Accelerated and Improved Differentiation of Retinal Organoids from Pluripotent Stem Cells in Rotating-Wall Vessel Bioreactors.

机构信息

Neurobiology, Neurodegeneration, and Repair Laboratory (N-NRL), National Eye Institute (NEI), National Institutes of Health, Bldg 6/338, 6 Center Drive, Bethesda, MD 20814, USA.

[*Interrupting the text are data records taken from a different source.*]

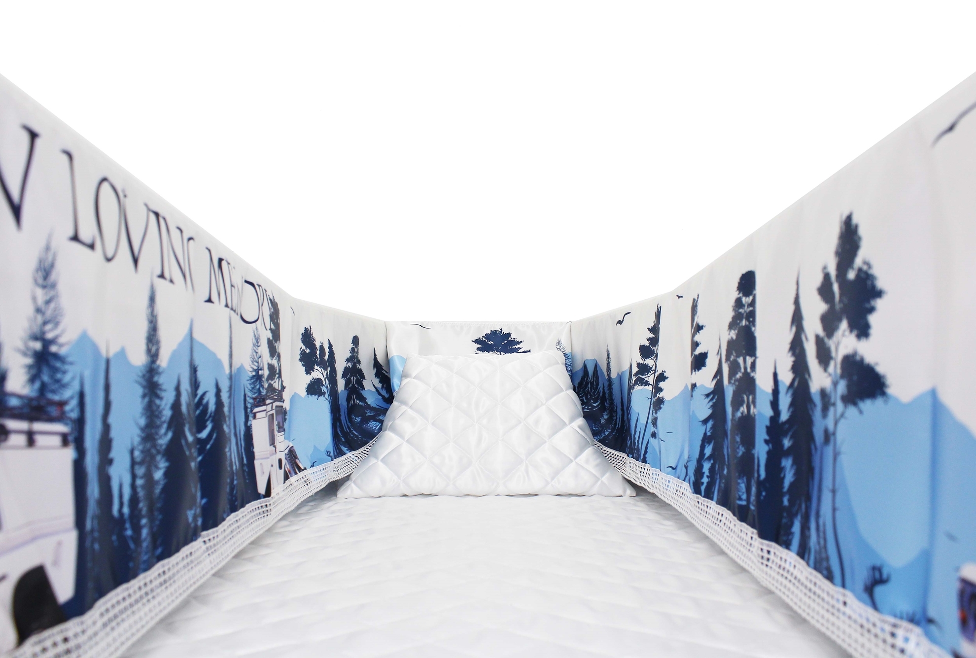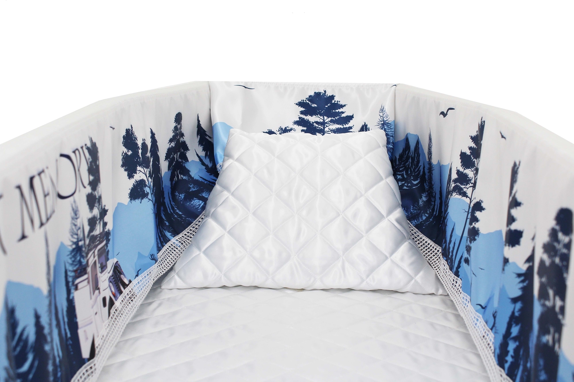 Luxury Satin 18-inch 2-way frill consisting of a 12-inch internal frill with an additional 6-inch exterior frill. The chosen design will be printed on the 18" 2-Way Frill. Please note the image shows a mattress and a pillow which are NOT included. Image is to illustrate style of Interior Only.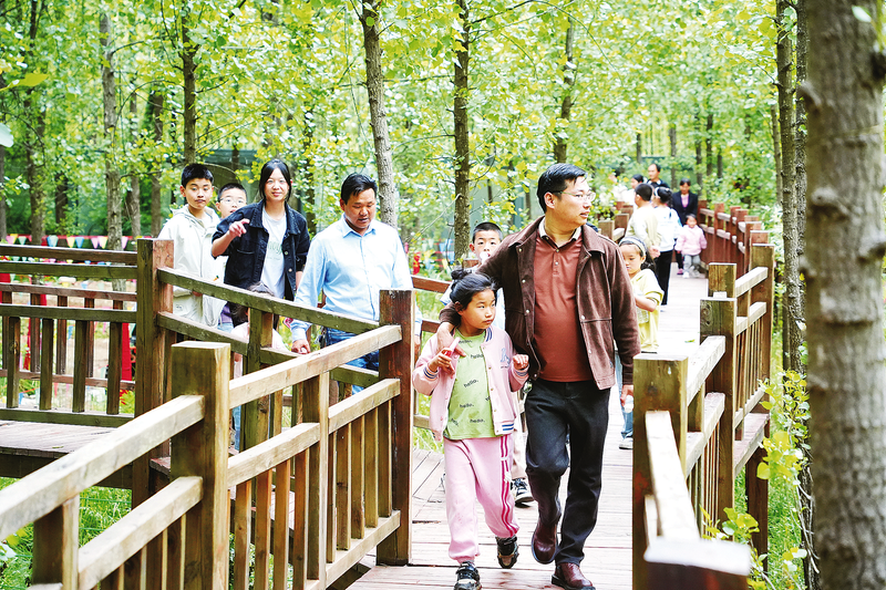 商南縣清油河鎮(zhèn)后灣景區(qū)里,游客漫步在百畝楊樹林中。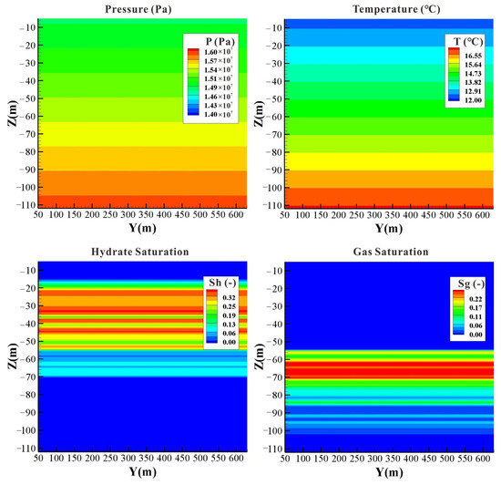 The single vertical well was deployed at the center of the model with a length of 70 m, the completion interval was −201 to −271 mbsf (consistent with the model’s −21 m to −91 m), and the wellbore grid had a production pressure difference of 3 MPa [44]. The position of the vertical well is shown in Figure 5.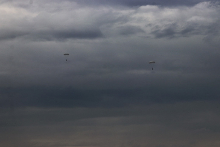 Курсанты НВВКУ десантировались с вертолетов Ми-8 АМТШ «Терминатор» используя парашюты Д-10 с высоты 800 метров. Задача будущих разведчиков была следующая — приземлиться в указанном месте и скрытно подобраться к противнику.
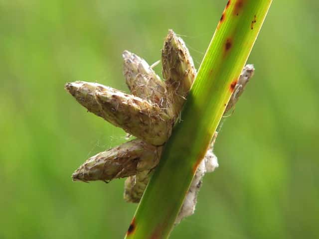 | ▼茎の先に短い苞がつく。 | ▼小穂は長さ約1.8mm。 | ▼果実は長さ約2mm。 |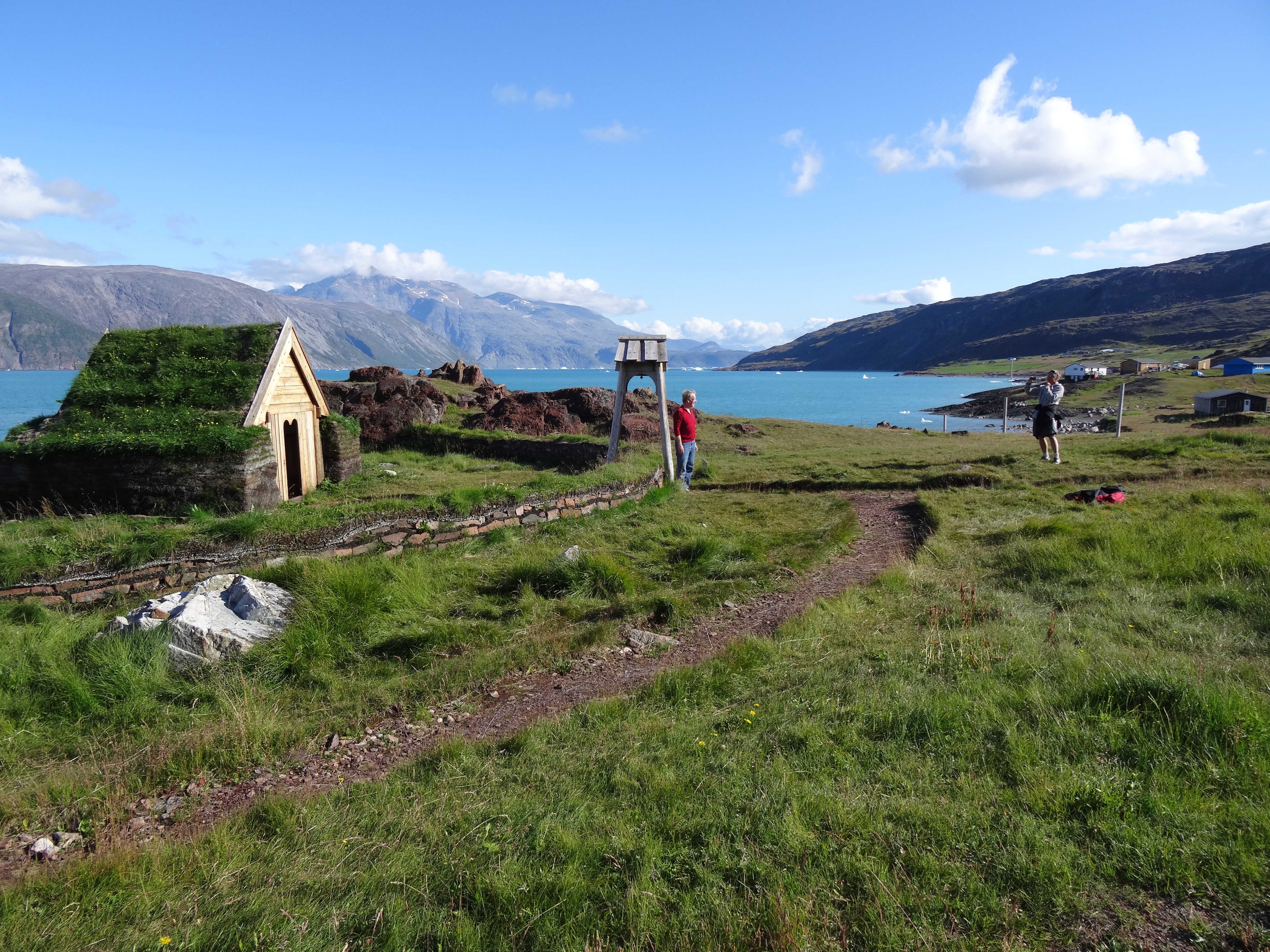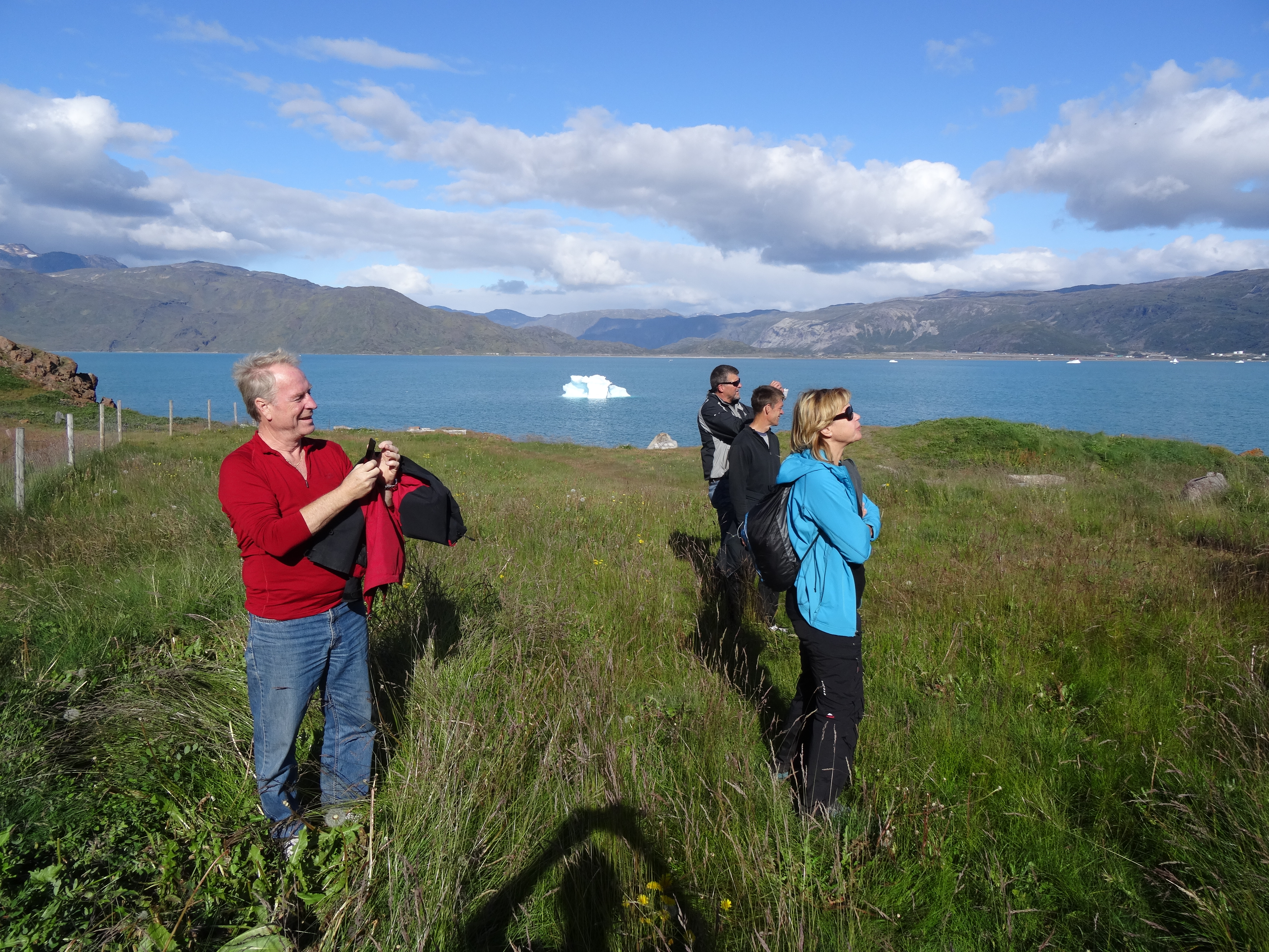 23 AugVi är åter i Qaqartog efter en två dagars ”expedition” längst in i grannfjorden norrut. Stor tur med vädret som bjuder sol och svaga vindar. Isberg, isberg och isberg. Fantastiska naturscenerier och harmoniskt liv ombord på Jennifer som ”tuffar fram ” för motor. Första dagen angjorde vi Brattalid, ett vikingaboställe där Erik den Röde och sedermera hans son Leif Eriksson slog ner sin bopålar. Leif Erikssons fru Tjohilde anlade en liten kyrka här som har grävts ut och som är en ”helig plats” för de som är livligt intresserade av vikingarnas historia. PO är salig när han vandrar runt på platsen.

Trans-NIH Shared Resources on Biomedical Engineering and Physical Sciences (BEPS), National Institutes of Biomedical Imaging and Bioengineering (NIBIB), National Institutes of Health, Bldg 13/3N18B, 13 South Drive, Bethesda, MD 20814, USA.

出版信息

Stem Cell Reports. 2018 Jan 9;10(1):300-313. doi: 10.1016/j.stemcr.2017.11.001. Epub 2017 Dec 7.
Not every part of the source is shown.